This document explains the simulate_read_write_splitting project: what each
piece does, why it is built that way, and the pros and cons.
- Project Overview
- Infrastructure & Replication
- Application Code (main.go)
- Summary: Pros and Cons of Read-Write Splitting
Read-write splitting is the routing policy that sits on top of a primary/replica cluster: classify each operation as a read or a write and send it to the right node. Done well, it scales reads across replicas while keeping a single source of truth for writes. Done naively, it exposes users to replication lag — they write data and then read a replica that hasn't received it yet.
This project's Router solves both: automatic routing and read-your-writes
consistency using PostgreSQL's WAL log sequence numbers (LSNs).
The Docker setup (docker-compose.yml, init/primary/*,
init/replica-entrypoint.sh) is the same streaming-replication topology used in
simulate_read_replicas — one primary plus two hot
standbys cloned with pg_basebackup. See that project's DOCUMENTATION.md for the
line-by-line replication walkthrough. The only differences here are the ports
(5442/5443/5444), the container/volume names (rwsplit_*), and the
schema (a customers table). This project's value is the routing layer in
main.go.
type Router struct {
primary *pgxpool.Pool
replicas []*pgxpool.Pool
next uint64
writes, readsFromReplica, readsFromPrimary atomic.Int64
}Router is a tiny, explicit version of what ProxySQL/pgpool do for you. The
atomic counters let us report where traffic actually went.
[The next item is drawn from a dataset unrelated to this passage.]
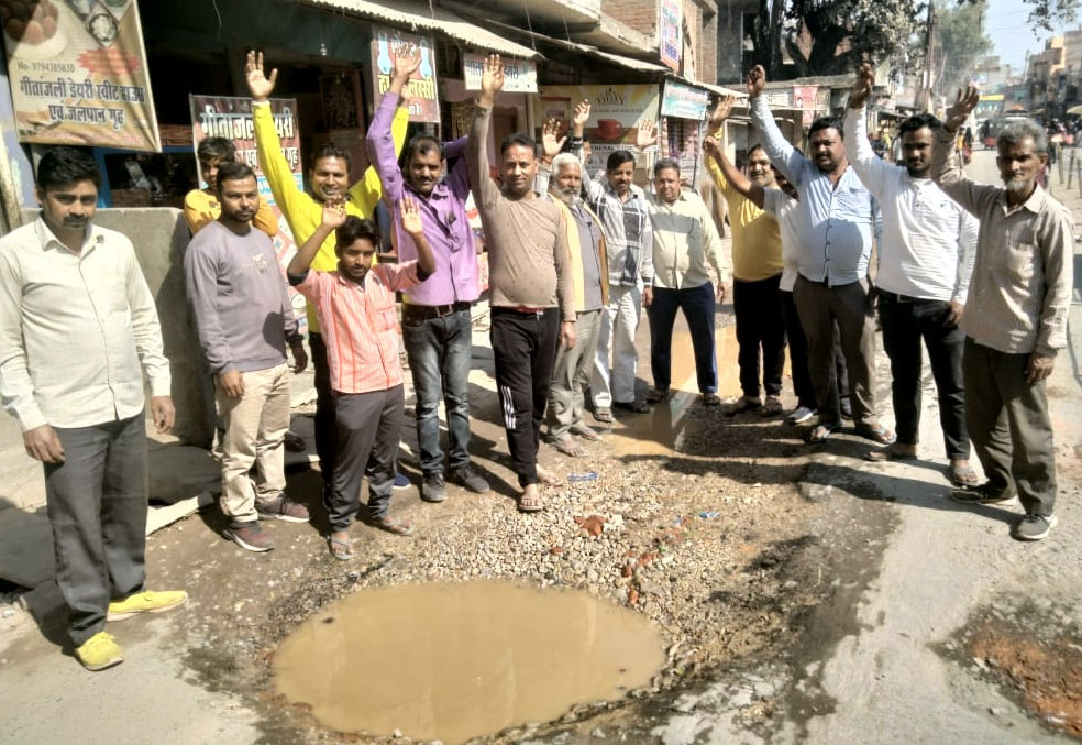 गड्ढयुक्त सड़क को लेकर किया प्रदर्शन

func (r *Router) Write(ctx, sql, args...) (string, error) {
r.primary.Exec(ctx, sql, args...)
r.writes.Add(1)
var lsn string
r.primary.QueryRow(ctx, "SELECT pg_current_wal_lsn()::text").Scan(&lsn)
return lsn, ...
}| Line | What It Does | Why We Do It |
|---|---|---|
r.primary.Exec |
Runs the mutation on the primary | Writes must be linearised on one node |
pg_current_wal_lsn() |
Reads the primary's current WAL position | This LSN marks "the point your write is durable at" |
return lsn |
Hands the LSN back to the caller | Enables read-your-writes on the follow-up read |
Why return an LSN? It's a precise, monotonic "version token" for the write. Comparing replica progress against it is how we know whether a replica is fresh enough to answer a given read.
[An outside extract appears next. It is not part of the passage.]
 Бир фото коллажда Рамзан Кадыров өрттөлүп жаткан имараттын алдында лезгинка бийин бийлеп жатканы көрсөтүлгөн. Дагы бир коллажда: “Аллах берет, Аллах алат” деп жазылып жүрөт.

func (r *Router) Read(ctx, sql, args...) (pgx.Rows, error) {
r.readsFromReplica.Add(1)
return r.pickReplica().Query(ctx, sql, args...)
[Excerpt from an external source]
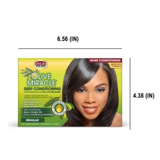 OLIVE MIRACLE® CONDITIONING Formulated to help strengthen and protect hair during the entire relaxer application process. This conditioning Anti-Breakage No-Lye Relaxer System leaves hair softer, smoother and more nourished than ever before. Our new vitamin-rich post-relaxer Aloe Vera Deep Treatment Conditioner packet is infused with Aloe, Castor & Biotin to deeply condition, moisturize and protect.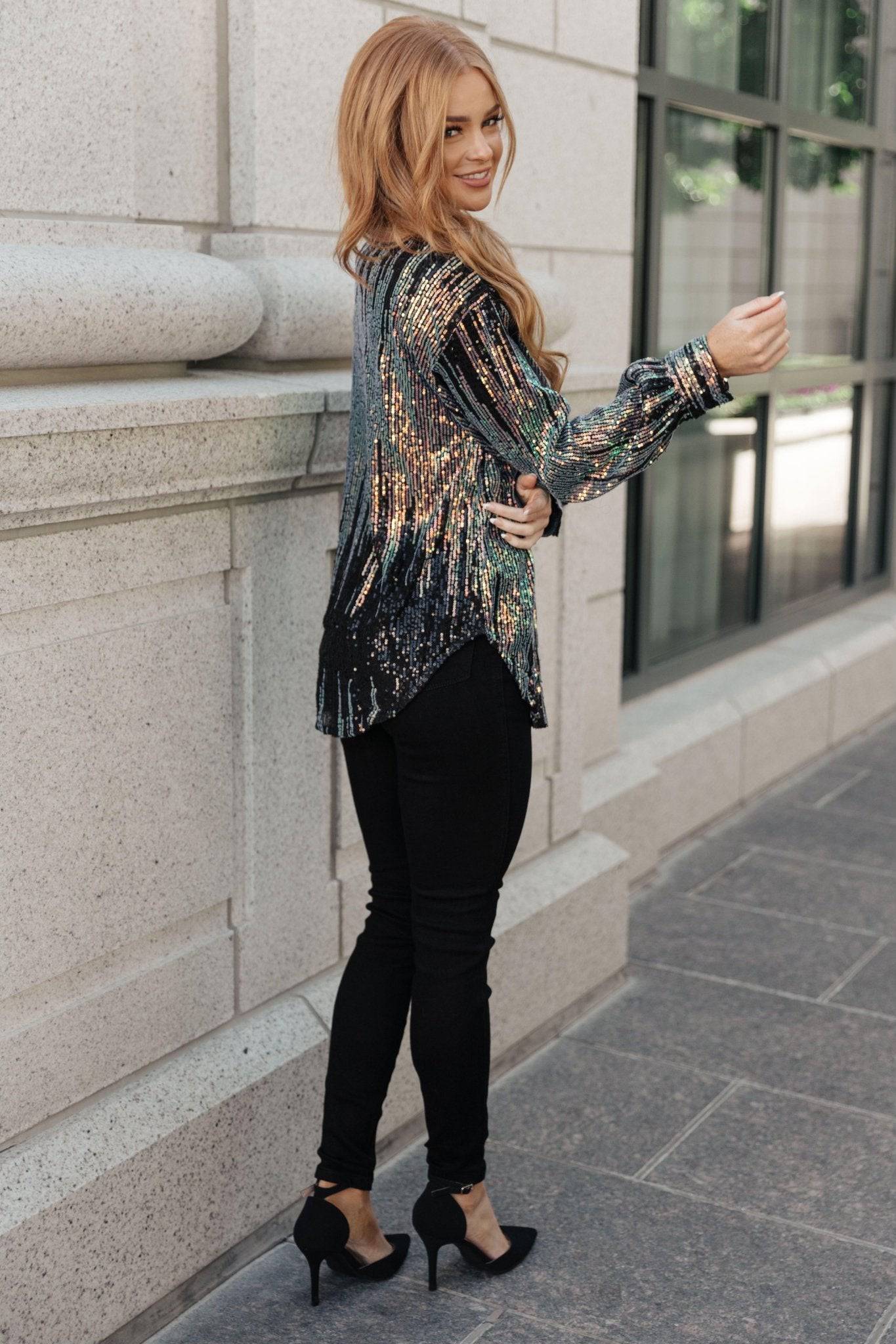 Be glamorous in this Too Glitz to Glam Button Up Shirt. Featuring a sheer sequin mesh, two tone sequins, collared neckline, and button front closure, this top will make you look dazzling. Enjoy the relaxed fit and button sleeve cuffs in style. Shine bright wherever you go!

}The default read path. Use it for anything that tolerates a little staleness —
listings, search, dashboards. pickReplica() falls back to the primary if no
replicas are configured.
for _, replica := range r.replicas {
replica.QueryRow(ctx,
"SELECT pg_last_wal_replay_lsn() >= $1::pg_lsn", afterLSN).Scan(&caughtUp)
if caughtUp {
return replica.Query(...), "replica", nil // fresh enough
}
}
// none caught up -> primary guarantees consistency
return r.primary.Query(...), "primary", nil| Step | What It Does | Why We Do It |
|---|---|---|
pg_last_wal_replay_lsn() >= $1 |
Asks a replica "have you replayed past my write?" | Only a caught-up replica can serve a consistent read |
use replica when caughtUp |
Serve the read from a replica | Keeps load off the primary when it's safe |
| fall back to primary | When no replica is fresh enough | The primary always has the latest data → never stale |
Why this beats "always read from primary after a write": it uses a replica as soon as it is safe to, so the primary only absorbs the brief window during which replicas are still catching up. This is the same idea databases like Aurora and Spanner expose as "read-your-writes / bounded-staleness" reads.
demonstrateRouting: one INSERT (→ primary) and several SELECTs (→ alternating replicas, shown viainet_server_port()).demonstrateConsistentRead: insert a customer, capture the LSN, and do aConsistentRead. Immediately it's served from the primary (replicas not yet caught up); after a 300 ms pause the same read is served from a replica.
| Benefit | Explanation |
|---|---|
| Read scalability | Reads fan out across replicas |
| Primary protection | The write node isn't burdened with read traffic |
| Tunable consistency | Choose per-read: fast (replica) or consistent (LSN) |
| Transparent to code | Callers say Read/Write, not which host |
| Drawback | Explanation |
|---|---|
| Lag-induced staleness | Plain reads can be behind; needs read-your-writes for safety |
| Routing complexity | Classifying queries and tracking LSNs adds code |
| No write scaling | Still one primary — shard when writes saturate |
| Replica health | Router must handle a lagging/dead replica gracefully |
Good fit: read-heavy apps already running replicas that want to use them without per-call host juggling. Add LSN-based reads for flows where a user must see their own write. Move to sharding when the single primary's write throughput becomes the limit.
- Route by operation type: writes → primary, reads → replicas.
- Asynchronous lag means plain replica reads can be stale.
- LSNs are precise version tokens — use them for read-your-writes.
- Prefer a replica when it's caught up; fall back to the primary when it isn't.
- Read-write splitting scales reads, not writes.
$ go run main.go
✅ Router connected: 1 primary + 2 replicas
============================================================
↔️ READ-WRITE SPLITTING SIMULATION
============================================================
🧭 AUTOMATIC ROUTING (writes→primary, reads→replicas)
--------------------------------------------------
INSERT customer → routed to PRIMARY
SELECT customers → routed to REPLICA (7 rows)
SELECT customers → routed to REPLICA (7 rows)
SELECT customers → routed to REPLICA (7 rows)
SELECT customers → routed to REPLICA (7 rows)
🪞 READ-YOUR-WRITES via LSN tracking
--------------------------------------------------
Inserted new customer; commit LSN = 0/5000818
Read-your-writes hit from primary: New Signup (standard) ✅ never stale
After 300ms, same read served from: replica (replicas caught up)
📊 ROUTING STATISTICS
--------------------------------------------------
Writes → primary: 2
Reads → replicas: 5
Reads → primary (RYW): 1